Thanks Norm, I appreciate that comment. Great pics, sorry to hear the day didn't start out so well for ya'.:frown: Sounds like it ended up pretty good. :smile2: I like the pic of your rigging set up. :msp_thumbup: 
Work safe. :msp_thumbsup:


----------



## NHlocal

NORMZILLA44 said:


> Randy very good on the tie off. I know I said it last nigh but looked at pics again I was real tired. John uses that practice too. Works very well, and very safe. Brian thanks, and good to see you. Yeah being a cheap skate, and playing both sides of the fence is not good buisness. I have walked away from more than one person or two who conducted themselves like that. One of the last tried what we would have done right, and price we gave was beyond fair. Took are words, and thought heck I will do it myself. Oops they put there tree right through the power lines. I told em it needed to be topped LOL!


.....again, thanks for that good comment Norm.
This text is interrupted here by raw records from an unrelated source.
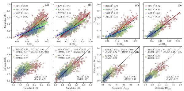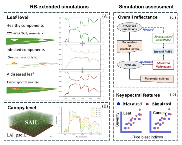 本研究首次提出了 “病害擴(kuò)展PROSAIL模型(RB-extended PROSAIL)”,將稻瘟病感染程度(Disease Severity, DS)作為新的參數(shù)引入輻射傳輸模擬中。研究團(tuán)隊(duì)通過(guò)實(shí)測(cè)病斑光譜與模型混合分析,成功構(gòu)建了稻瘟病葉片與冠層的光譜仿真數(shù)據(jù)集,能夠在不受物候差異影響的條件下區(qū)分病害信號(hào)。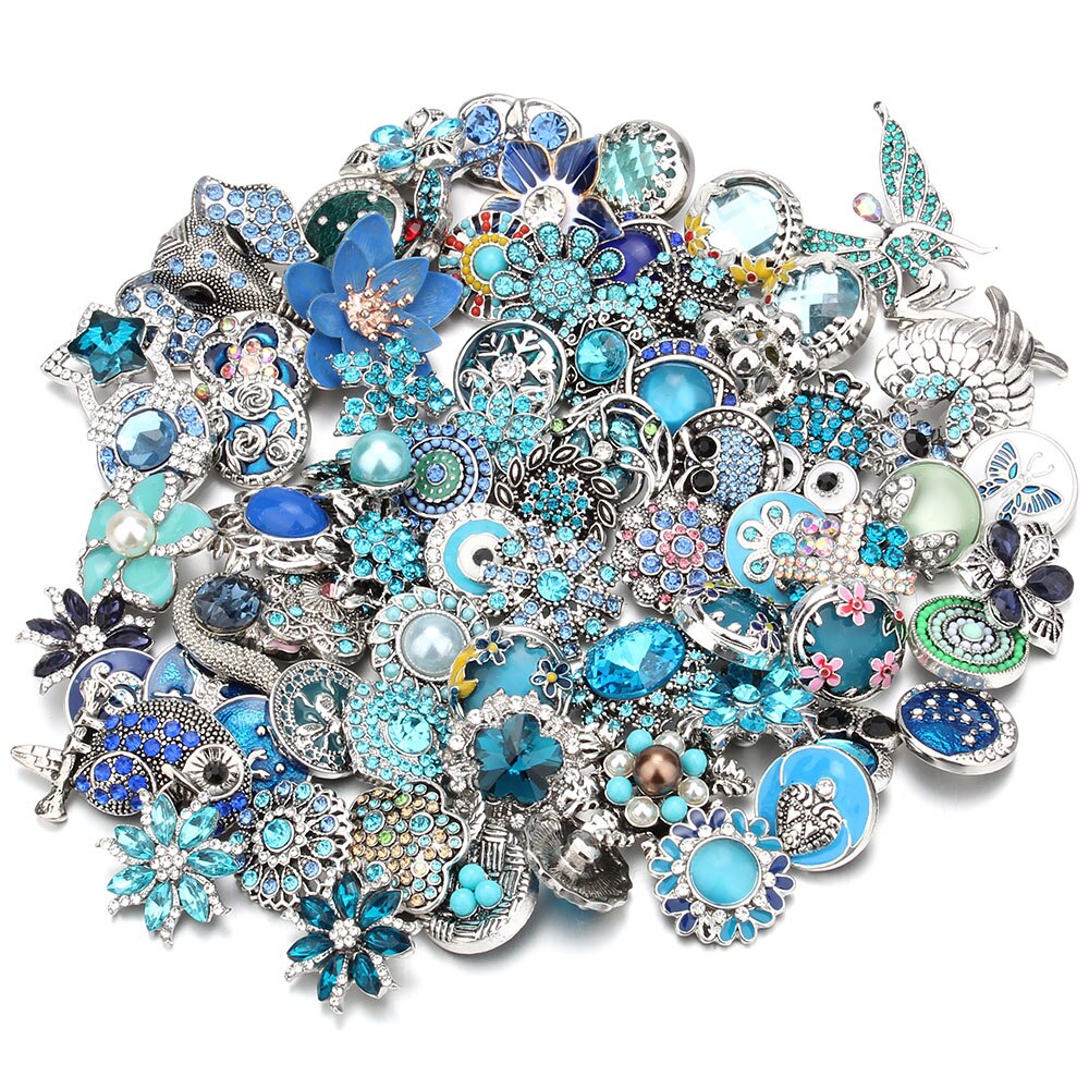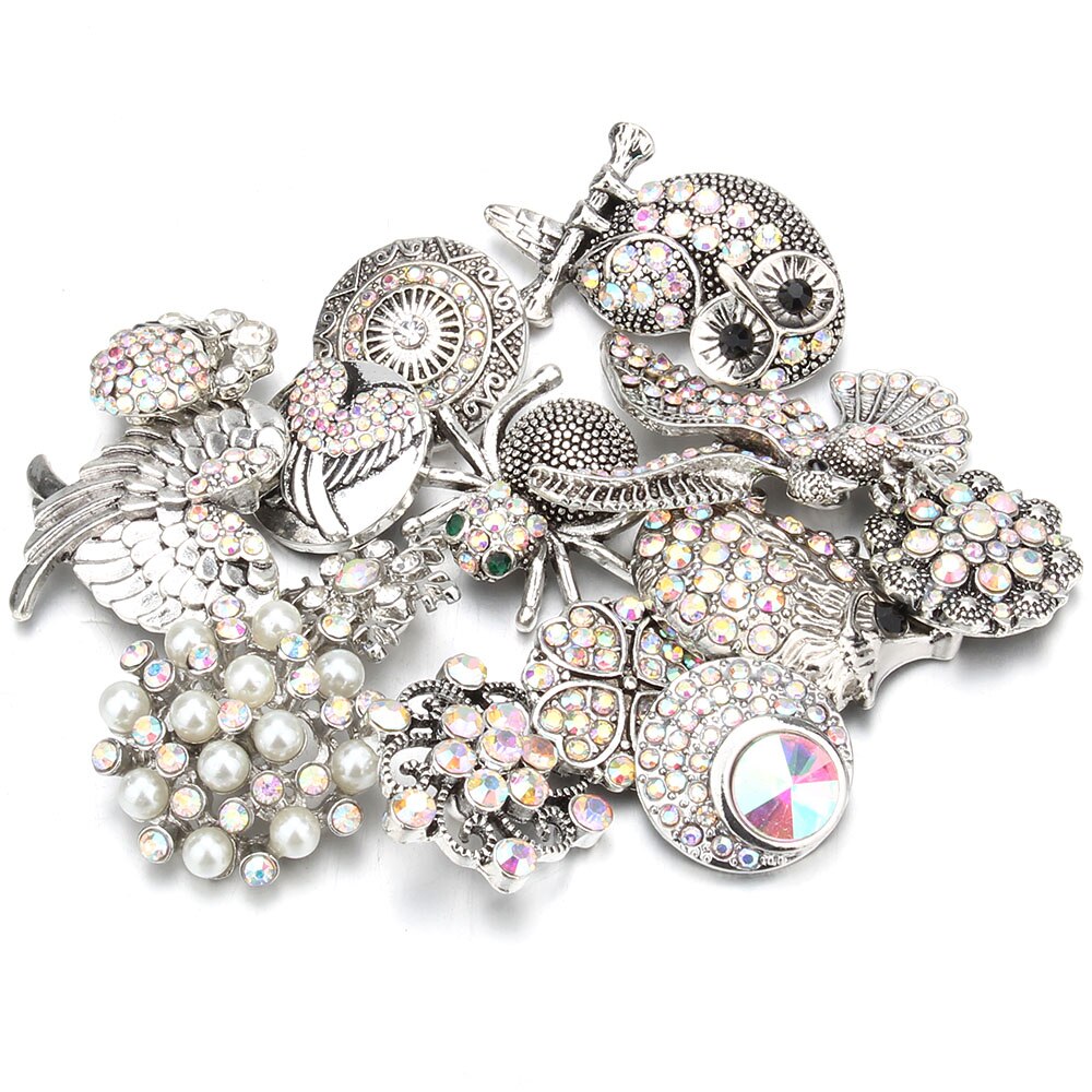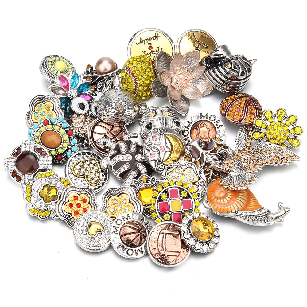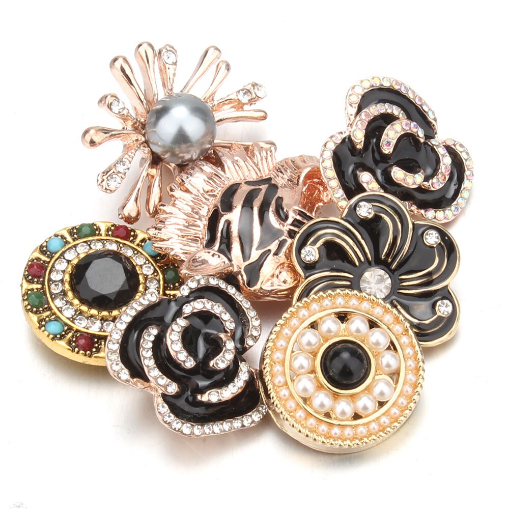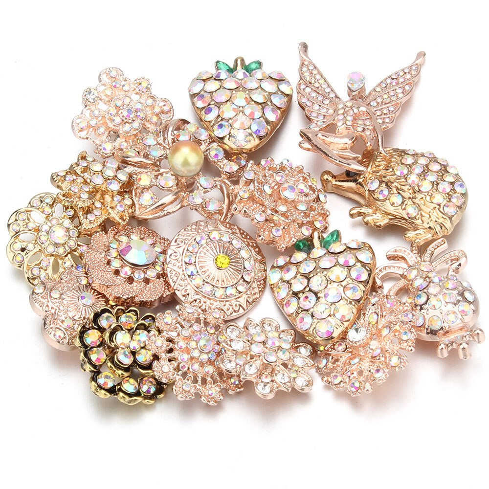 10 pz/lotto all'ingrosso Snap gioielli MIX metallo scatta strass fiore 18mm bottoni a pressione misura in pelle Snap braccialetto del braccialetto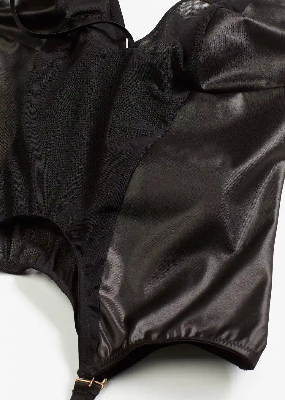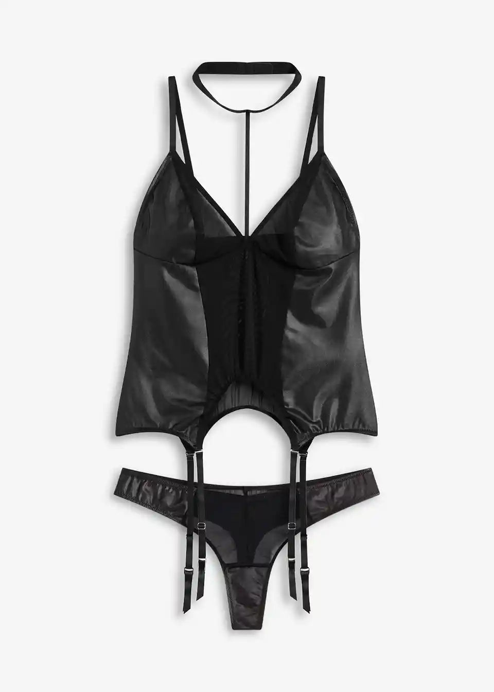 Strapstop + String (2-dijelni set) u Wetlook izgledu s mrežastim umetcima.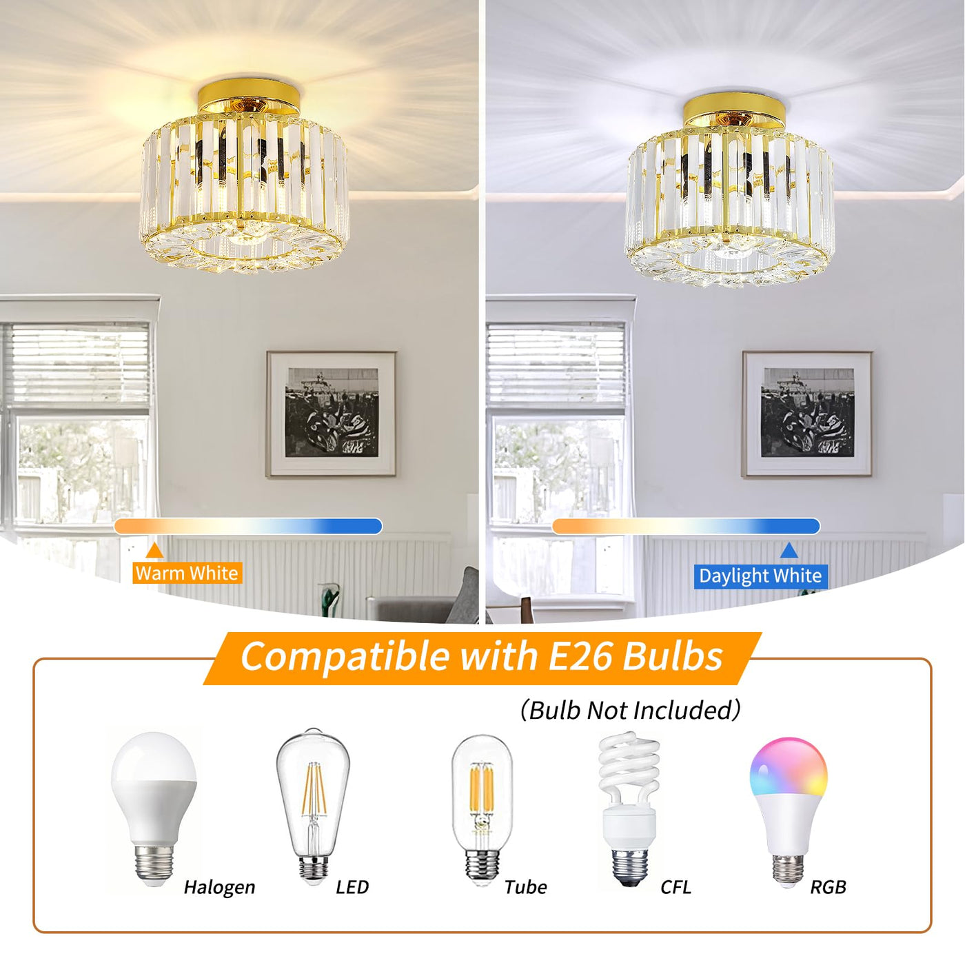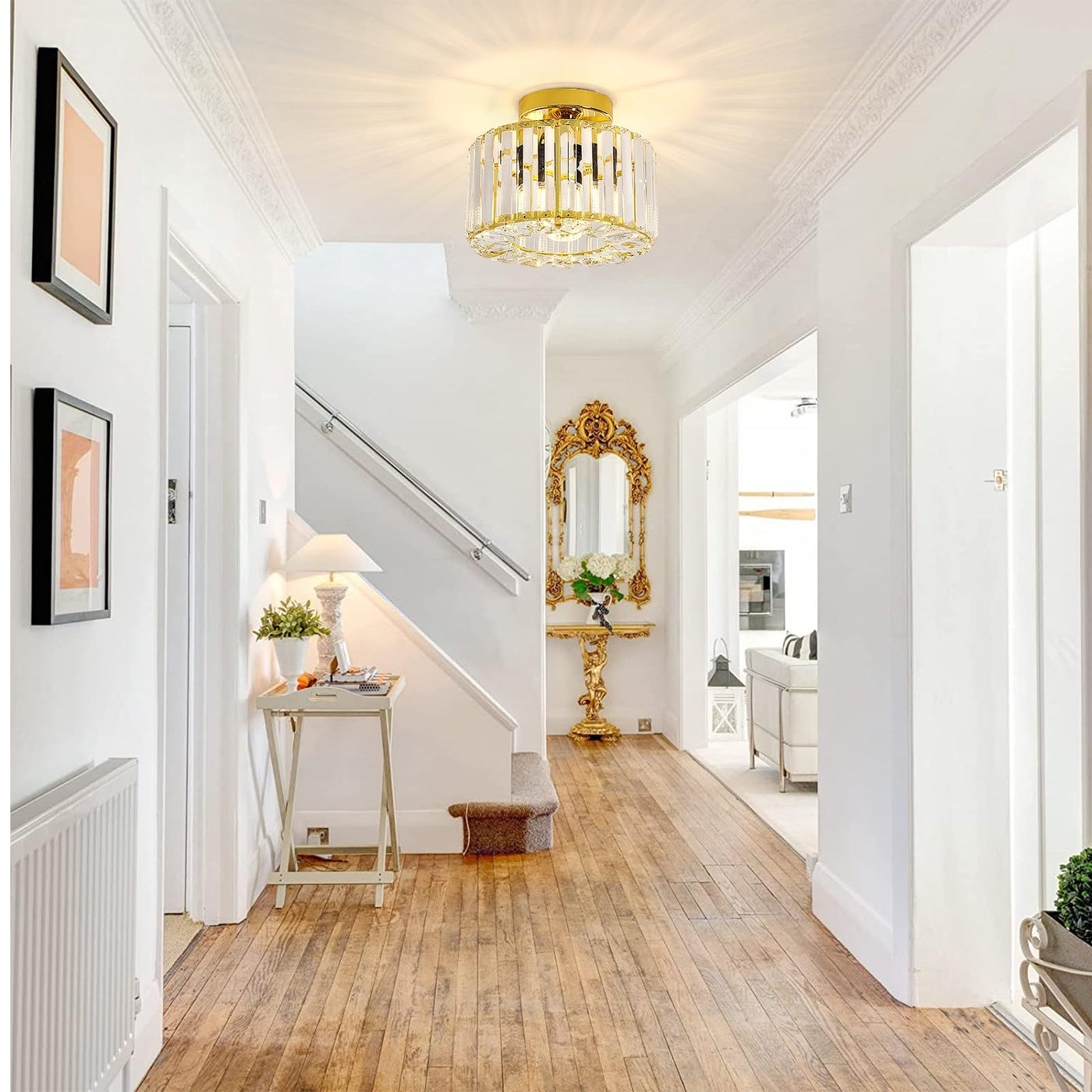 Frideko Home Semi Flush Mount Ceiling Light - Hallway Light Fixtures Ceiling Crystal Chandelier Gold Bedroom Chandelier For Entr

Most times I don't comment on questions like that because I know there are guys here that are far more experienced and far better than I am, but I am getting more confident in most of what I'm doing.  Still would like to find an experienced climber to work with. It's those "little things" that make it so much easier and safer a more experienced climber can point out that a newbie will almost never learn on his own.....:msp_confused: Love that last pic Norm, it's a keeper!  
Work safe. :msp_thumbsup:


----------



## NHlocal

Brian13 said:


> I dont use spikes, so in order to climb I use a rope to get me to the top. The rope go up around a branch in the tree and back down to me, and I am able to use that to climb up and into the tree. I can also walk out to the tips, and basically move anywhere in the tree. I use the lanyard to help hold me in position, and its always a good idea to be tied in twice when cutting. Hope this pic gives you a good idea of its application.
> 
> 
> 
> 
> 
> 
> 
> Glad in the end everything went well. Sometimes the day starts off rough and finishes strong, sometimes it starts off rough and just goes downhill. Sounds like things picked up a little for you. And it really irritates me when rich people complain and try to get things for nothing. I know they didnt get rich by giving it away, but screwing the working man isnt right. I work at a golf course, and my tree work is on the course itself. Yesturday I was approached by one of the residents that lived on the fairway I was working on and asked if he could get my opinion on some trees. He had already hired a tree service and was wanting an arborists opinion on what should be done. Basically he wasnt confident who he hired knew what he was doing and wanted my boss who is the arborist to guide the crew he hired. Drives me crazy.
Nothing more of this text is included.